▶ **About this exercise**
Copy word for word the lines of the records below, beginning at the one with "Įneškite magijos į" and finishing at the one with "A rose is a", ends included, but none of the pictures.
Given records below:
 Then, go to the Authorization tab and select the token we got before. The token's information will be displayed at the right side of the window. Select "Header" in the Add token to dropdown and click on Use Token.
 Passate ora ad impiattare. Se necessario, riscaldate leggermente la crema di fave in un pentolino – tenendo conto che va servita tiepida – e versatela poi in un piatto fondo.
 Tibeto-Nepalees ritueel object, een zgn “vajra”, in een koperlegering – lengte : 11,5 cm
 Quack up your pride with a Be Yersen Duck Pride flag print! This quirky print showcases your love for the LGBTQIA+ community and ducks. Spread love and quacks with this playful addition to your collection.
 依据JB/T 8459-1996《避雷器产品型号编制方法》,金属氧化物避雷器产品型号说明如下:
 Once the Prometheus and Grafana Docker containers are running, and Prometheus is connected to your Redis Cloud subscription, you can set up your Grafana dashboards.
End of Given records.
Given records below:
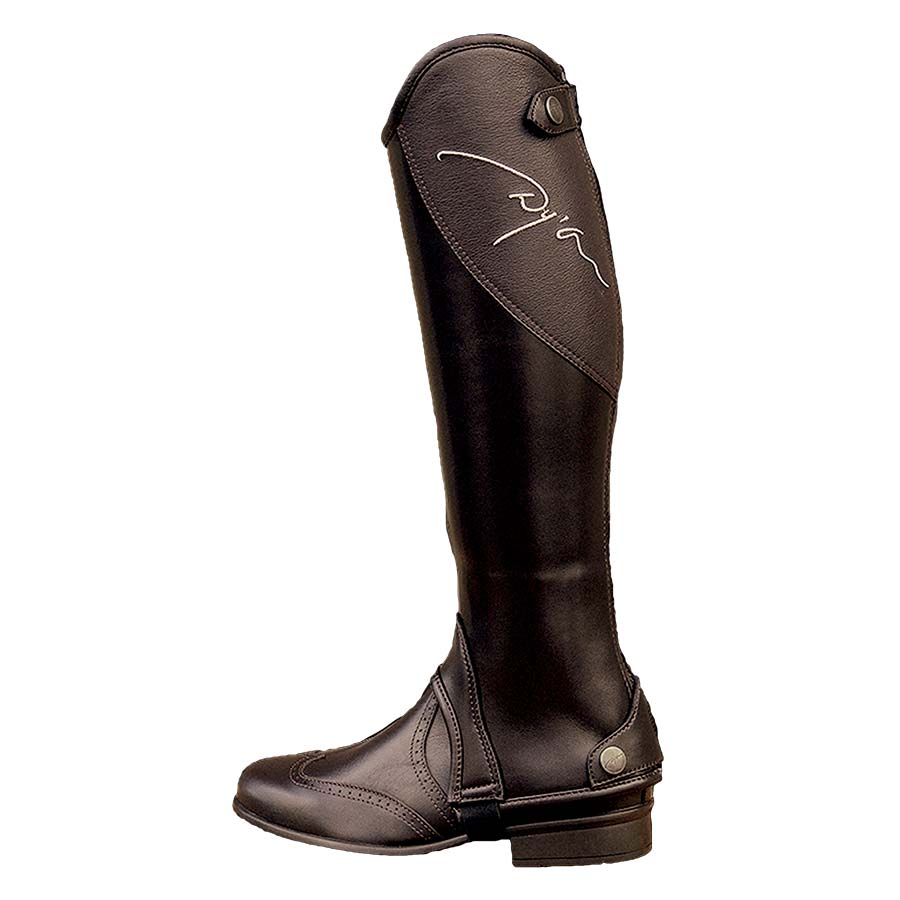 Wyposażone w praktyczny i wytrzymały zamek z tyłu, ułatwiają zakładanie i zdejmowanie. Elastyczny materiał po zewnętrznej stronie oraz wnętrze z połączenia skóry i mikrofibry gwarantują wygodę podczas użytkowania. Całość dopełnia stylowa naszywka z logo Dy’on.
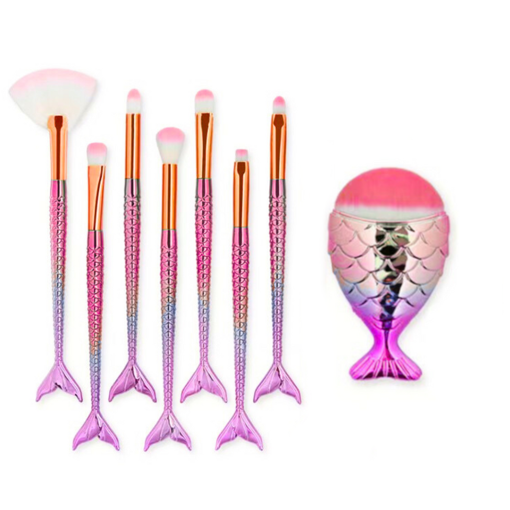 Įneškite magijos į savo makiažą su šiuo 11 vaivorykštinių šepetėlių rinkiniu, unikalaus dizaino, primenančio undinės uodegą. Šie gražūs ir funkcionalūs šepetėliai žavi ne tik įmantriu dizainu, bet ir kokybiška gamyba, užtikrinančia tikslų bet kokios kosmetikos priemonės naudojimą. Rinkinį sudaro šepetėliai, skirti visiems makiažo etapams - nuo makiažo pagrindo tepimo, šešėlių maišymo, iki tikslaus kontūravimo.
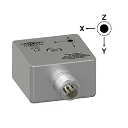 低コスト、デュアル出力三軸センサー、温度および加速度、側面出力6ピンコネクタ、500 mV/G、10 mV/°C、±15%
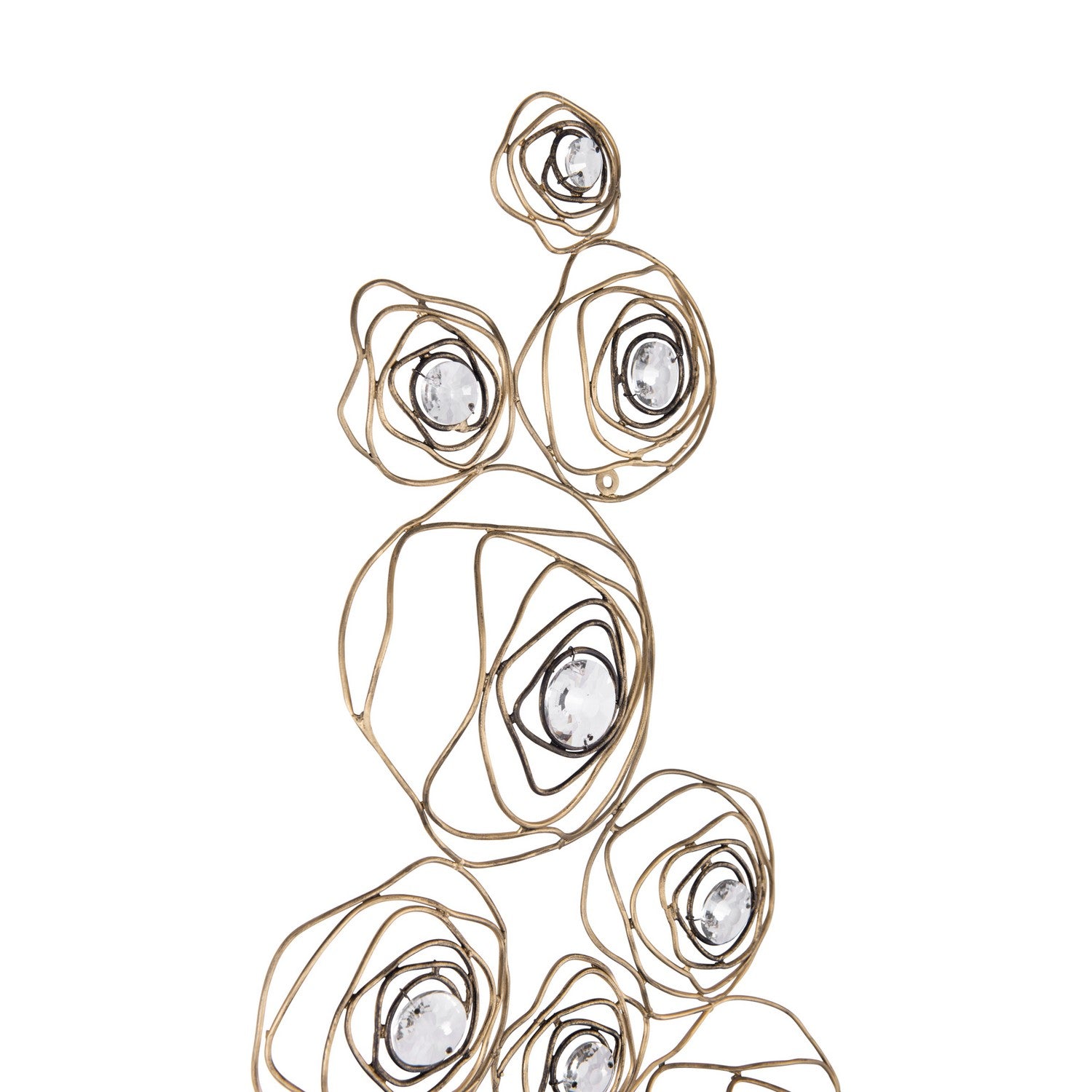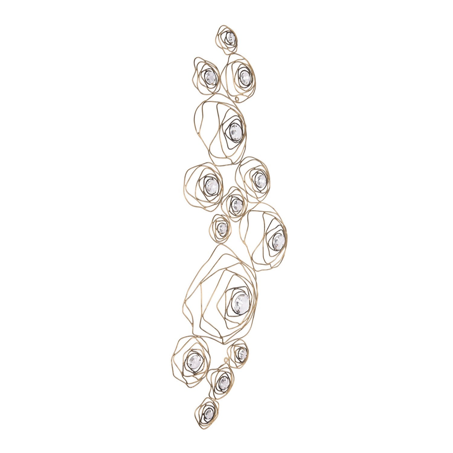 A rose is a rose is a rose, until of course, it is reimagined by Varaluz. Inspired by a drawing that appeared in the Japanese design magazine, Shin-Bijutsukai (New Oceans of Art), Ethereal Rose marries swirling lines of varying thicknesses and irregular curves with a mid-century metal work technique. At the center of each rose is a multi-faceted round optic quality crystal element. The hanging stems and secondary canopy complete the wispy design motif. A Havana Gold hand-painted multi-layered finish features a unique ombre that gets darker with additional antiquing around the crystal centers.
End of Given records.
▶ **Output for this exercise**
 Įneškite magijos į savo makiažą su šiuo 11 vaivorykštinių šepetėlių rinkiniu, unikalaus dizaino, primenančio undinės uodegą. Šie gražūs ir funkcionalūs šepetėliai žavi ne tik įmantriu dizainu, bet ir kokybiška gamyba, užtikrinančia tikslų bet kokios kosmetikos priemonės naudojimą. Rinkinį sudaro šepetėliai, skirti visiems makiažo etapams - nuo makiažo pagrindo tepimo, šešėlių maišymo, iki tikslaus kontūravimo.
 低コスト、デュアル出力三軸センサー、温度および加速度、側面出力6ピンコネクタ、500 mV/G、10 mV/°C、±15%
 A rose is a rose is a rose, until of course, it is reimagined by Varaluz. Inspired by a drawing that appeared in the Japanese design magazine, Shin-Bijutsukai (New Oceans of Art), Ethereal Rose marries swirling lines of varying thicknesses and irregular curves with a mid-century metal work technique. At the center of each rose is a multi-faceted round optic quality crystal element. The hanging stems and secondary canopy complete the wispy design motif. A Havana Gold hand-painted multi-layered finish features a unique ombre that gets darker with additional antiquing around the crystal centers.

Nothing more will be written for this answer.